Onschuldige mensen moeten leven in een onwerkelijke omgeving met verwoeste huizen, ziekenhuizen, energiecentrales en vaak zonder de direct noodzakelijke eerste levensbehoeften. Vele duizenden mensen verloren het leven. Vele families verloren jonge mannen, zonen of echtgenoten die hun leven gaven voor de vrijheid van hun land.
En ondanks Kerstmis is er nog geen enkel zicht op welke vorm van vrede dan ook.

De gevolgen in de rest van de wereld zijn ook nauwelijks te overzien.
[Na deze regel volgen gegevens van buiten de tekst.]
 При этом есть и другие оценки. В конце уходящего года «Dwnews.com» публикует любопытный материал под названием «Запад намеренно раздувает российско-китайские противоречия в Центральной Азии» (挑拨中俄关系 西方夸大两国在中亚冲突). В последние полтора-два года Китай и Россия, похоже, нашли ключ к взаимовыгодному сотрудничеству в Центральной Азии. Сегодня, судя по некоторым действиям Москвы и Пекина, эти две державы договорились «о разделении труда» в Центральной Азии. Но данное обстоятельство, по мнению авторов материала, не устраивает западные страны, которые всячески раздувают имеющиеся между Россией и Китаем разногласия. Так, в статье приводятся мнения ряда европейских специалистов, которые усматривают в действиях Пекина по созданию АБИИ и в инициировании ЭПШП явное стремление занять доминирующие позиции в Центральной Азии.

Tekort aan bijna alles waar mensen in de derde wereldlanden zo dringend om zitten te springen. Steeds verder oplopende prijzen in de supermarkten en onbetaalbaar hoge prijzen voor gas en licht en een inflatie die nauwelijks nog lijkt te beteugelen.

Overvolle asielcentra waar mensen nachtenlang buiten in de kou moeten slapen en teleurgesteld worden in het beeld van dat ‘gastvrije’ Nederland. Dat gastvrije Nederland waar toekomstige centra door buurtbewoners in de brand worden gestoken omdat zij eigenlijk helemaal niet zo gastvrij zijn.
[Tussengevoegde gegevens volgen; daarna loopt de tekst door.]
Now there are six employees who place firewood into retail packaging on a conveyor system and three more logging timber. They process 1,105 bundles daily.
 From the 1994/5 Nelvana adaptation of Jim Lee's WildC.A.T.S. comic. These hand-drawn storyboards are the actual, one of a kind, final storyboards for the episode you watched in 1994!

Een regering die niet anders kan dan ‘brandjes’ of liever gezegd branden blussen en met geld smijt uit zogenaamd ‘diepe zakken’. De gevolgen daarvan zullen niet te overzien zijn. Nu zijn wij nog een beetje blij met een loonsverhoging of een verhoging van de AOW of onze pensioenen. Maar over een poosje zullen wij ook daarvoor de rekening gepresenteerd krijgen. 
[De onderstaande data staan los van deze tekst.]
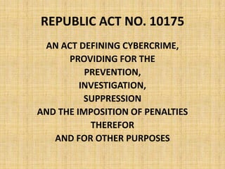 The document outlines Republic Act No. 10175, also known as the Cybercrime Prevention Act of 2012, which defines and penalizes cybercrimes such as illegal access, cybersex, and libel. It establishes the Cybercrime Investigation and Coordinating Center to investigate cybercrimes and allows law enforcement to collect traffic data with a court order. The law was controversial due to introducing internet libel as an offense and was temporarily blocked by the Supreme Court.
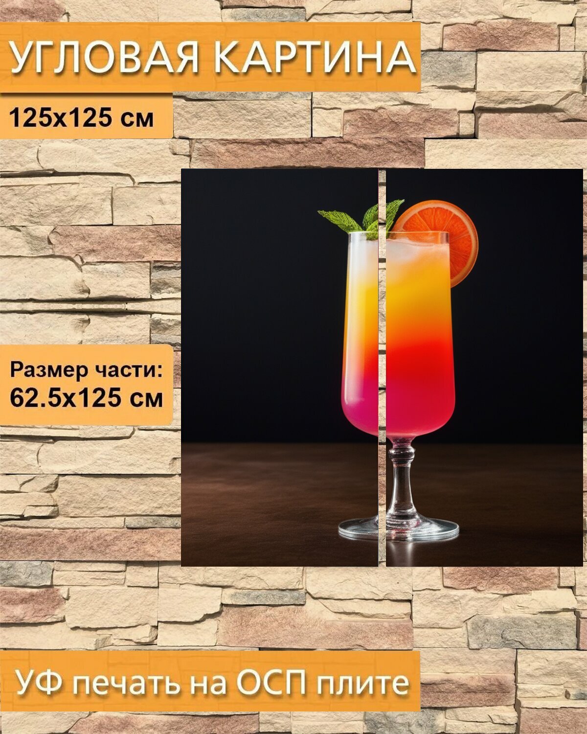 Модульная картина на ОСП для ценителей напитков "Напитки, коктейли, с мятой" 125x125 см. 2 части для интерьера на стену интересное:

Terwijl ik dit schrijf realiseer ik mij dat Kerstmis toch het feest van de vrede was. En eigenlijk zou ik nu ook niet weten hoe wij die vrede kunnen vieren. En toen moest ik denken aan dat verhaal over Kerstmis 1914. 

Toen Duitse en Britse troepen bij het Noord-Franse dorp La Chapelle ‘d Armentières vanuit hun loopgraven in de sneeuw en bij een hevige vrieskou, elk in hun eigen taal, Kerstliederen begonnen te zingen.  Een Schotse korporaal hoorde iemand roepen vanuit de vijandelijke loopgraven. Of ze misschien wat tabak wilden. ‘Kom naar het licht,’ riep een Duitser, waarna de Schot het niemandsland betrad. 

Al snel stonden ze te praten alsof ze elkaar al jaren kenden. Wat een tafereel – kleine groepen van Duitse en Britse soldaten, over het hele front.

Ik verwijs je graag naar het hele verhaal door te klikken op deze link.

Wat zou het mooi zijn als Russische en Oekraïense troepen, jonge mannen nog, de handen in een zouden slaan op Kerstavond op die manier het voorbeeld gevend aan hun leiders.

Dan zou  het voor iedereen pas echt het feest van de vrede zijn.